Amazon had cited the opposition of “a number of state and local politicians” in its decision to abandon the plans. Ocasio-Cortez and others at the local level had pointed to incentives such as a $2.5 billion in tax breaks as a reason for their opposition.
“If we were willing to give away $3 billion for this deal, we could invest those $3 billion in our district ourselves, if we wanted to. We could hire out more teachers. We can fix our subways. We can put a lot of people to work for that money, if we wanted to,” Ocasio-Cortez said last week.

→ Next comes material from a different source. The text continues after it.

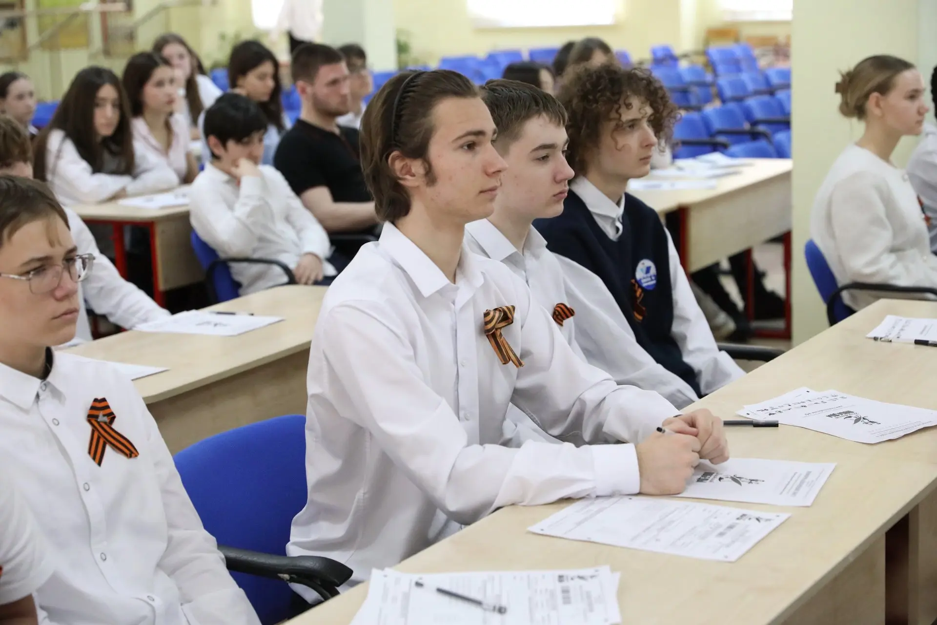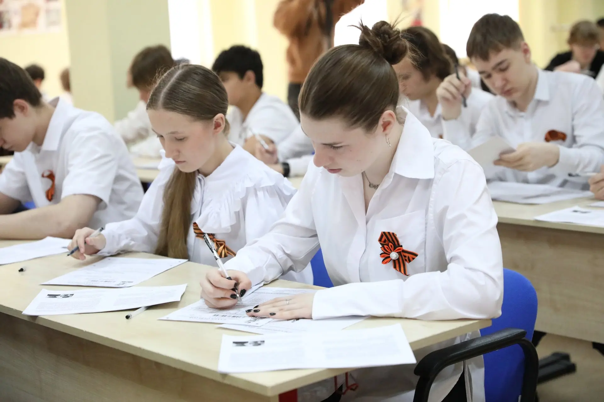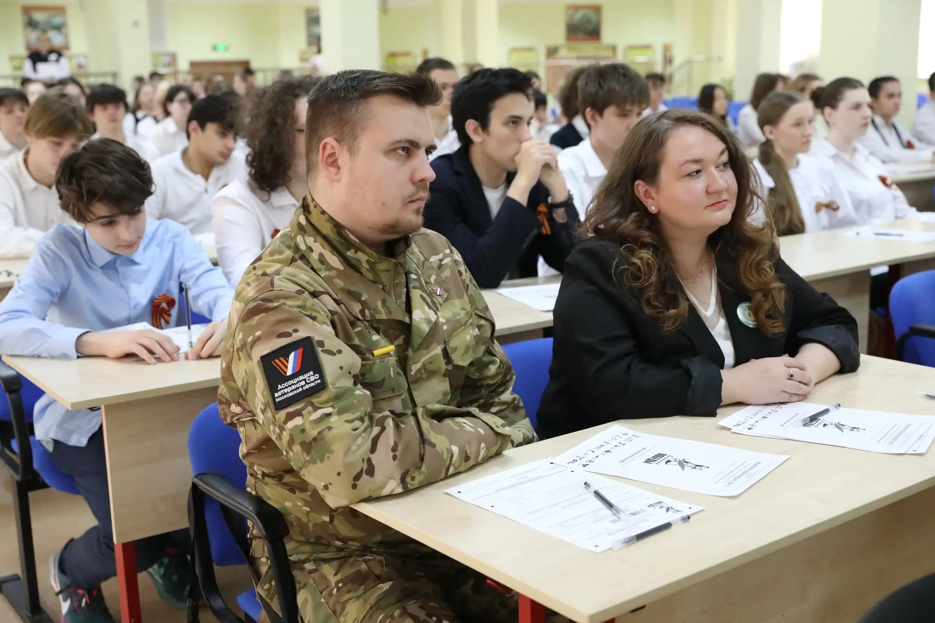 В школе №16 диктант писал глава г.о. Долгопрудный Олег Сотник. Здесь также сели за парты школьники, сотрудники администрации, депутаты, волонтёры, представители госфонда «Защитники Отечества», Ассоциации ветеранов СВО Долгопрудного и другие желающие.

Mayor Bill de Blasio pushed back on that claim on Sunday. Even as he slammed Amazon for its decision, the mayor said critics wrongly suggested that tax breaks represented money that could be spent on other things. He said it wasn’t “money you had over here. And it was going over there.”
The Democratic mayor said: “That $3 billion that would go back in tax incentives was only after we were getting the jobs and getting the revenue.”
Fellow Democratic Rep. Carolyn Maloney, D-N.Y., accused those who are against the deal, including Ocasio-Cortez, of being opposed to jobs.
“It used to be that we would protest wars. Now we are protesting jobs?” she said on CNN Friday, before criticizing the economic arguments of those opposed to the Amazon move.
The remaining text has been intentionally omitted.